Spliting a string on non alpha characters
Tim Chase
python.list at tim.thechases.com
Sat Sep 23 10:59:26 EDT 2006
> I'm relatively new to python but I already noticed that many lines of
> python code can be simplified to a oneliner by some clever coder. As
> the topics says, I'm trying to split lines like this :
>
> 'foo bar- blah/hm.lala' -> [foo, bar, blah, hm, lala]
>
> 'foo////bbbar.. xyz' -> [foo, bbbar, xyz]
>
> obviously a for loop catching just chars could do the trick, but I'm
> looking for a more elegant way. Anyone can help?

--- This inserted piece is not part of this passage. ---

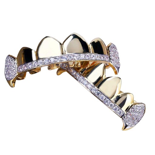 Platerowane grille Zestawy górnego i dolnego grilla, grawerowana błyszcząca cyrkonia

1st, I presume you mean that you want back
['foo', 'bar', 'blah', 'hm', 'lala']
instead of
[foo, bar, blah, hm, lala]
(which would presume you have variables named as such, which is
kinda funky)
That said...
Well, I'm sure there are scads of ways to do this. I know
regexps can do it fairly cleanly:
>>> import re
>>> r = re.compile(r'\w+')
>>> s = 'foo bar- blah/hm.lala'
>>> s2 = 'foo////bbbar.. xyz'
>>> r.findall(s)
['foo', 'bar', 'blah', 'hm', 'lala']
>>> r.findall(s2)
['foo', 'bbbar', 'xyz']
The regexp in question (r'\w+') translates to "one or more 'word'
character". The definition of a 'word' character depends on your
locale/encoding, but would at a minimum include your standard
alphabet, and digits.
If you're not interested in digits, and only want 26*2 letters,
you can use
>>> r = re.compile(r'[a-zA-Z]+')
instead (which would be "one or more letters in the set [a-zA-Z]").